Michael Hartle Jan 23

@clive @jasonkoebler @404mediaco There are a number of "infinite maze" generators like #Nepenthes (https://zadzmo.org/code/nepenthes/) or #Iocaine (https://pages.madhouse-project.org/algernon/infrastructure.org/eru_services_iocaine) that help #poisonthewell for AI companies training their LLMs on your content, complete with guides on integration with #Caddy (https://pages.madhouse-project.org/algernon/infrastructure.org/common_services_caddy_snippets_poison_ai)

ZADZMO code

@mhartle @jasonkoebler @404mediaco

aha, damn interesting

Janneke Jan 23

@clive @jasonkoebler @404mediaco
Cc: @corbet

Luna chan Jan 23

@clive @jasonkoebler @404mediaco What a great idea.

Skybrook Jan 23

@clive I once made a webpage that would continually slowly send random words and links to itself, never quite closing the connection. It's honestly not worth the trouble. It'd be nice if it interfered with AI training, though.

Frank Heijkamp Jan 23

@skybrook @clive The idea is that a human will have to review it and flips a switch that will exclude the entire site. This exclusion will keep the actual content on the site safe from being ingested.

Skybrook Jan 23

@alterelefant That's tricky, since the crawlers have vast amounts of IP addresses. I just set traps to detect web spiders automatically, if traffic gets to be a problem.

Frank Heijkamp Jan 24

@skybrook Don't filter by IP-address, but filter by behavior. I know, that's sometimes easier said than done.

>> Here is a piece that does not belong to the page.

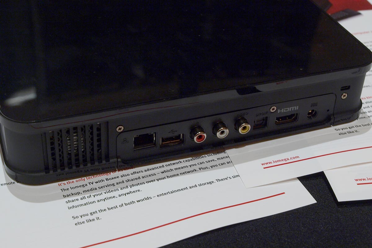 Az Iomega a D-Link után a második a hardvergyártók közül, aki Boxee szoftverrel szerelt médialejátszót ad ki. A TV with Boxee ugyanazt a hardvert tartalmazza, mint a Boxee Box, de sokkal nagyobb dobozba került, mert az alap flash ROM mellé (ami a Linuxot és a Boxee szoftverét tartalmazza) merevlemez is kerül(het). A hardver megvásárolható 2 és 1 Tbájtos HDD-vel illetve merevlemez nélkül, arra az esetre, ha valakinek lenne mondjuk egy felesleges SATA csatolós adattárolója a polcon feleslegesen. Természetesen az Iomega lejátszója minden formátummal boldogul, lejátssza a 1080p-s videókat, és nemcsak USB-n és LAN-on, hanem WLAN-on keresztül is képes kommunikálni, akár UPnP és DLNA szerverekkel is. A lejátszó a tévével illetve az erősítővel HDMI és optikai audio kimeneten keresztül tarthatja a kapcsolatot, illetve csak analóg bemenettel bíró megjelenítők számára egy AV szett is került a hátlapra.

The following one is straight forward. A get request to a bogus link in the infinit labyrinth qualifies for a labyrinth response, whether the IP-address is known or a new one.

With a labyrinth response I would throw in a random delay between 100 ms and 5 s, and a one in fifty chance of a 30 s delay before responding with a http 503. That should usually be enough to slow down crawlers.

Skybrook Jan 24

@alterelefant Well right, that's what I meant by "traps to detect." I didn't think of setting it so every URL for any detected IP address would become a labyrinth response... not a bad idea really.

Frank Heijkamp Jan 24

@skybrook Crawler that use multiple endpoints to distribute the crawl load will handout urls to be crawled to those endpoints. Their freshly acquired labyrinth links will make a new endpoint immediately identifiable.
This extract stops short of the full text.